If you need direct access to a model's state or events, you can hoist the model into your component
and pass the whole model to the container component. This allows you to use the model's state in
your render method or provide the model's events to other callbacks. In the `Tabs` example, it might
look like this:

```tsx
const MyTabs = () => {
  const model = useTabsModel({
    // we can still load data from the server
    onSelect: ({data}) => fetch('/api/selectTab' + data.id),
  });

  return (
    <>
      <Tabs model={model}>...</Tabs>
      // direct access to the model's state Currently selected tab: {model.state.selectedTab}
      // Now we can send events directly to the model
      <button onClick={() => model.events.select({tab: 'third'})}>Select third tab</button>
    </>
  );
};
```

### Composing a model

Models allow for very powerful composition without changing the UI at all.
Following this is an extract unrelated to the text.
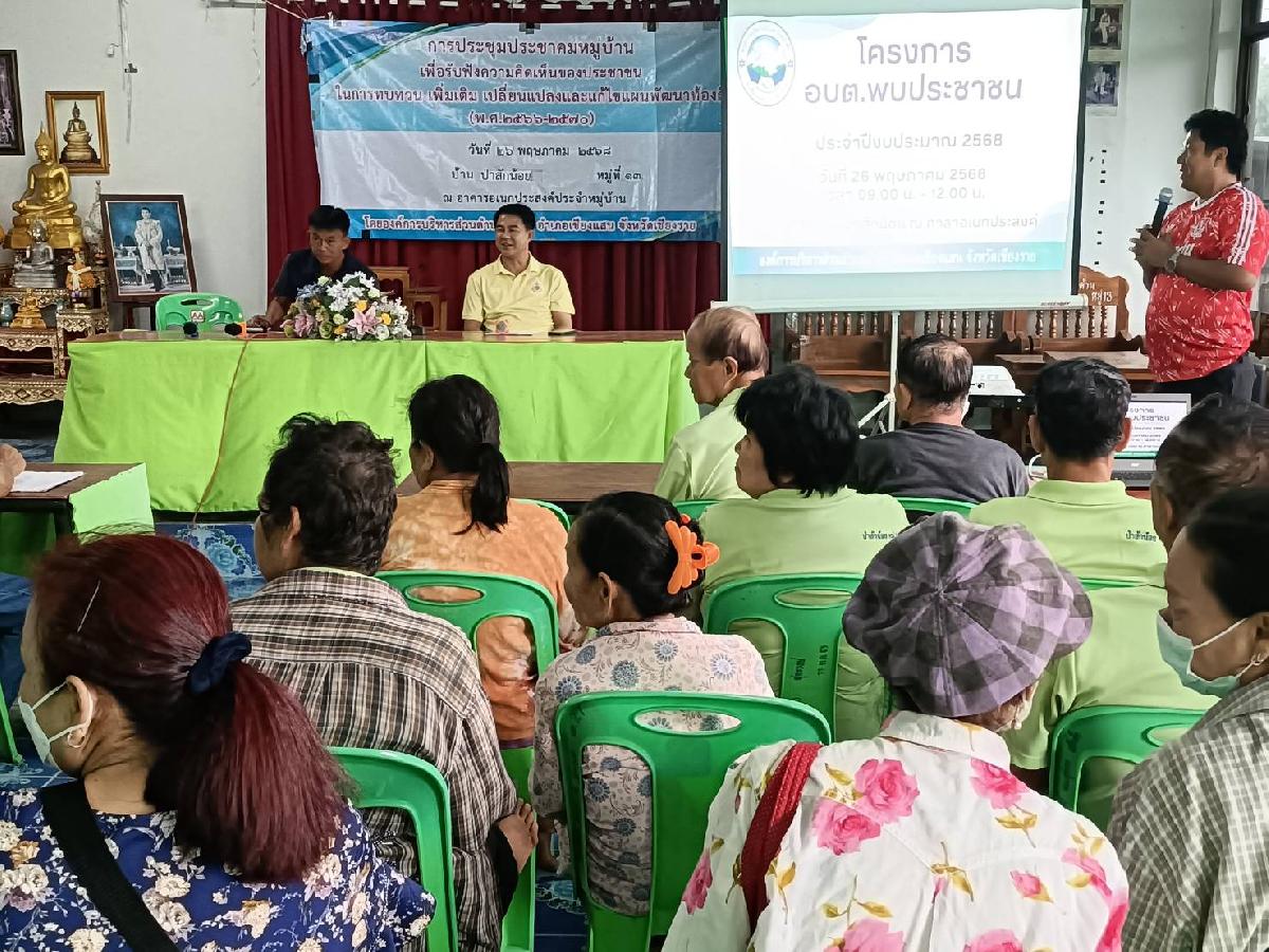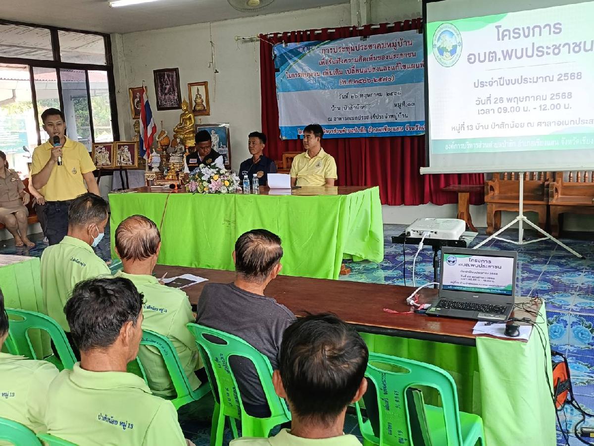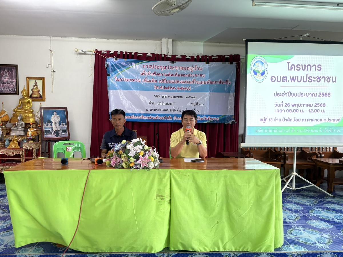 วันจันทร์ที่ 26 พฤษภาคม 2568 องค์การบริหารส่วนตำบลป่าสัก นำโดย นายศุภสัณห์ วิริยะ นายกองค์การบริหารส่วนตำบลป่าสัก พร้อมด้วยเจ้าหน้าที่ อบต.ป่าสัก,นักวิชาการประจำหมู่บ้านป่าสักน้อย หมู่ที่ 13 ตำบลป่าสัก ลงพื้นที่พบปะประชาชนและการจัดเวทีประชาคมระดับหมู่บ้านเพื่อพิจารณาและจัดทำแผนพัฒนาฯท้องถิ่น (พ.ศ.๒๕๖๖ - ๒๕๗๐) เพิ่มเติม เปลี่ยนแปลง ประจำปีงบประมาณ พ.ศ. ๒๕๖๘ และให้ความรู้ให้บริการด้านต่างๆ และรับทราบปัญหาในพื้นที่ชุมชน ฯ???? ภายในงานมีกิจกรรมลุ้นของรางวัลแจกฟรีให้กับประชาชนและผู้เข้าร่วมประชุมในครั้งนี้ด้วย ณ ศาลาประชาคมบ้านป่าสักน้อย หมู่ที่ 13 ต.ป่าสัก อ.เชียงแสน จ.เชียงราย

For example, if we have a
`Disclosure` component, but want to change the operating paradigm to be fully controlled by a parent
component, we can compose a `DisclosureModel` to do so. Normally a disclosure model has it's own
state, but we can override that behavior and make a controlled Disclosure component instead:

```tsx
const useControlledDisclosureModel = ({opened, onChange, ...config}) => {
  const model = useDisclosureModel(config);

  const state = {
    ...model.state,
    opened,
  };

  const events = {
    ...model.events,
    open(data) {
      onChange(true);
    },
    close(data) {
      onChange(false);
    },
  };

  return {state, events};
};

const ControlledDisclosure = ({buttonText, children, opened, onChange}) => {
  const model = useControlledDisclosureModel({opened, onChange});

  return (
    <Disclosure model={model}>
      <Disclosure.Target>{buttonText}</Disclosure.Target>
      <Disclosure.Content>{children}</Disclosure.Content>
    </Disclosure>
  );
};

const App = () => {
  const [opened, setOpened] = React.useState(false);

  return (
    <ControlledDisclosure buttonText="Toggle" opened={opened} onChange={setOpened}>
      Disclosed Content
    </ControlledDisclosure>
  );
};
```

### Conclusion

The compound component API is a powerful, incrementally composable way to create UI. The component
API is the highest level and offers a lot of functionality out of the box. But using models and
behavior hooks allow for creation of new components that share some functionality with other
components. An example of this is tabs and a dropdown menu both use a `CursorModel` and the
`useKeyboardCursor` to enable keyboard navigation even though the UI looks very different.